It may even be due to the fact that I’d parked the drill under an old oak tree in Godwin’s Broom to fill up, and had been subjected to several minutes of shotblasting by ripe acorns falling from a great height.
And it wasn’t just my head that was aching. The Horsch ST4 had a funny turn in the radar department, which had led to a long session of “drillman’s yoga”, trying to reach and replace assorted “modules” until the on-board computer stopped sulking.
Kate Moss I am not, and threading my way through tines, points and bright red superstructure is not as easy at it used to be. Thanks goodness for the old CO3, still parked up in the barn, ready to be cannibalised.
Hot and bothered
Did I have a fever? I felt hot – but then again, I’m trying to avoid aircon these days because of my sensitive sinuses (bless), and it was certainly warm for mid-October.
Somewhere on the Deere’s CommandCenter is an ambient temperature reading, but I still haven’t cracked how to use it; I’ve only had it nine years.
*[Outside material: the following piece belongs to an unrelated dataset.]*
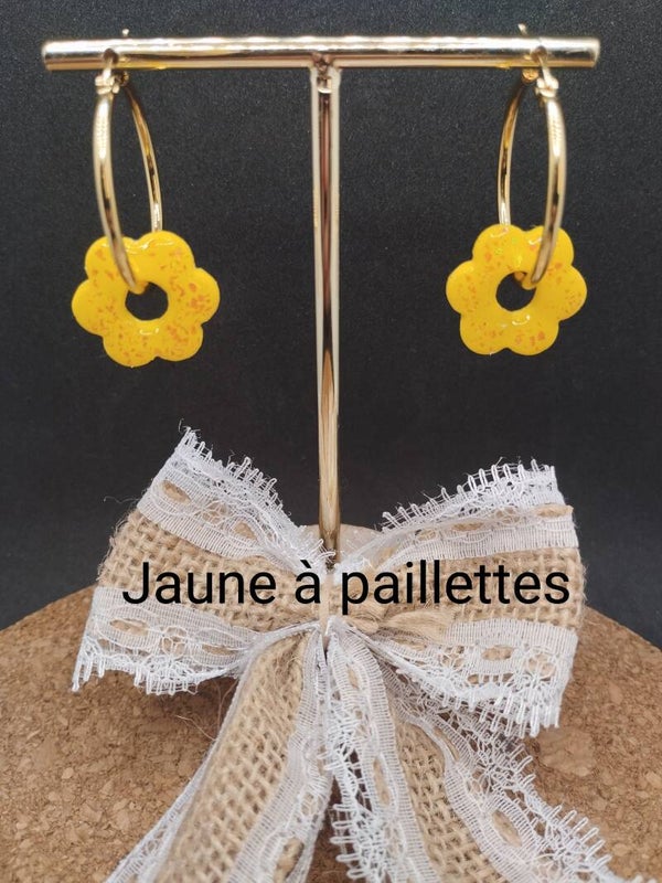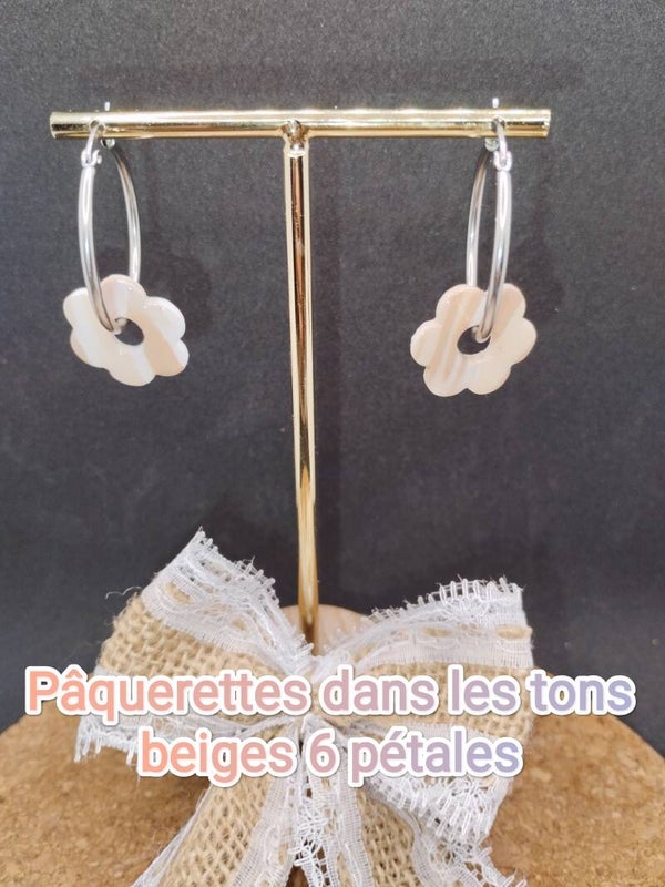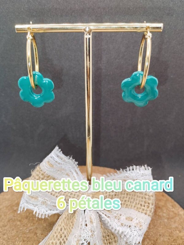 Paire de jolies pâquerettes en pâte polymère et recouverte de résine UV.

And there were tears streaming down my face, too – although this was easier to explain. Old seed is always dusty, so I’d made sure I’d parked into the wind when doing the filling, and worn one of my precious and expensive masks.
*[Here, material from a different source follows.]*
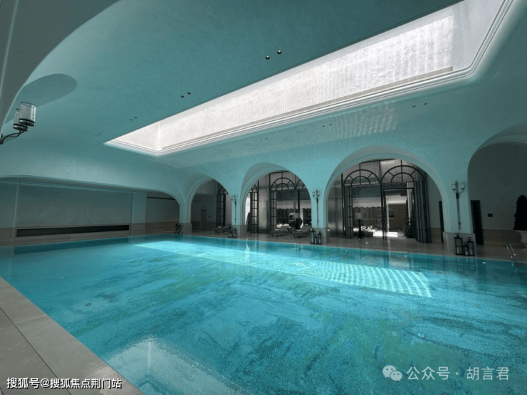 上面是地上会所,还有一个地下会所,层高8米多。层高一旦上去,许多功能空间就显得尤为大气,比如这个泳池,而且还做了屋顶采光。

But it’s not just dust and seed that has been falling out of these old bags – Mr and Mrs Rat have been in, and even invited Mr Squirrel round for tea. There’s all sorts of crud and gunk falling out, ideal for spout blocking.
The solution is, of course, a sieve from a Claas Protector 6, which has been hanging round the barn since the 1970s.
Perfect for trickling the seed through, although it does quadruple filling time and result in more dust.
The eyes have it
And it was during one of these lengthy fill-ups that the wind mischievously did a gusty U-turn, and both eyes got an unsavory dusting.
Whatever you do under these circumstances, don’t rub itchy eyes. The result would have been swollen eyelids, blurred vision and wobbly drill lines – and you don’t want that in a field with three footpaths in it.
So, in a highly unusual display of self-control, I didn’t touch them. It didn’t stop the tears, though. Mind you, the local radio featuring 1980 as the “Golden Hour” didn’t help.
Still, it was very satisfying to finish the job, and neighbour Robert and I went to the Jolly Flowerpots (bravely and determinedly still serving customers) to celebrate – after I had had a good shower and even taken my own temperature, just to be on the safe side.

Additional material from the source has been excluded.